I continued to buy from the second wholesaler. The first one? There’s no need to return.
I've eaten — and almost eaten — a lot of nasty things over the years, but the image of those writing pale larvae getting sifted out of food destined for tony restaurants is maybe the one that made the most lasting impression.
So. Nasty food. What's the worst you've encountered?
8 comments:
Recently, some dried mushrooms were discovered in our house with an apparently self-sustaining and thriving ecosystem inside the plastic bag.
Yes, that qualifies as nasty. We had pantry moths that got into (or originaled from) a sealed metal canister of McCann's Irish oatmeal. I was all hungry for hot, steamy Irish oats one chilly morning. Opened the lip, peeled back the seal — and quickly shut my dropped jaw.
I'm so utterly embarrassed :(
Nothing of the sort has *ever* happened to me there.
Among the many things I drink to forget (an incident at the Canadian border, a woman I met at a piano bar, Crystal Pepsi) is the fact that I helped open a restaurant.
The place was filthy before the current owners took it on. Filthy. I have photographic evidence that I refuse to share because I don't want it to reflect on my former employers, who took great pains to make the place sparkle.
The salamander alone could have fomented cyanide-based life, and one of the nastiest jobs I've ever done was scrubbing the walk-in cooler from ceiling to floor.
As appalling as those were, though, they paled next to the disgust I felt at the thought that Jen and I had eaten, several times, at the previous establishment.
Trid ~ no worries. After all, it's not your kitchen. There were a series of mistakes that led to that that tells me the kitchen there is probably one I don't want to visit.
Micheal ~ I was once given the keys to a failed restaurant. The owner told me to take whatever I wanted (except for the new stoves that hadn't even been unwrapped or installed). The bartenders had stripped the bar bare, even taking fixtures. The cooks had been less thorough. I scored a Kitchenaid mixer that I cleaned and gave to a friend, stainless mixing bowls, some Lexan containers — all good things. The real horror was the basement walk-in. With no electricity for weeks, all the seafood, chicken, and meats had gone very, very bad. It was a smell that seared the very back of my throat...
When I was reading this post I could stop thinking about some nasty establishments I visited while living in Paris.
I even worked at some for one or two days when money was really tight.
Millions of roaches everywhere, feasting on the soda gun’s pump room, rat that would scare away any cat (or human) running around the kitchen and all sorts of things.
Of course I also visited some spotless kitchens there too, but the images of the filthy one still haunt me today.
Hey Tony ~
I'm off to breakfast, but the image of millions of roaches feasting on the soda gun will haunt me.
I've been in a lot of commercial kitchens as well and it's the clean ones that stand out.
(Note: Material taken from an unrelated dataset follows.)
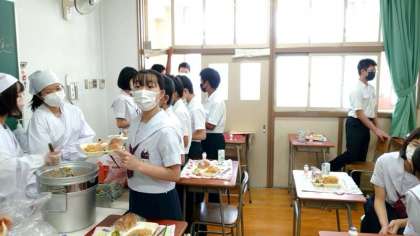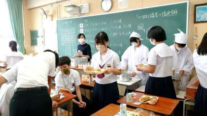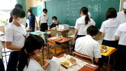午前中のテストが終わり、これからお昼ごはんをいただきます。久しぶりにみんなでいただく給食。本日の献立は「焼きそば・キュウリのピリ辛あえ」。2年生の教室では係の皆さんが配食中。たくさんいただいてくださいね。

It seems to me that — in my experience — the cleanest kitchens have been run either by Germans or ex-military chefs.
It's perhaps the reason I think to myself when everything is put away in my own kitchen "Alles ist in Ordnung."
I'm just back from 5 weeks in Vietnam, so as for nasty + food: in the northern back of beyond, a basketful of writhing date palm larvae, intended as a source of protein. Also a small skinned fox on the kitchen counter, who seemed to have met his end in a rather vicious way, judging by the fixed snarl. Offered as a possibility for lunch.
I declined. Took the proffered corn moonshine, though.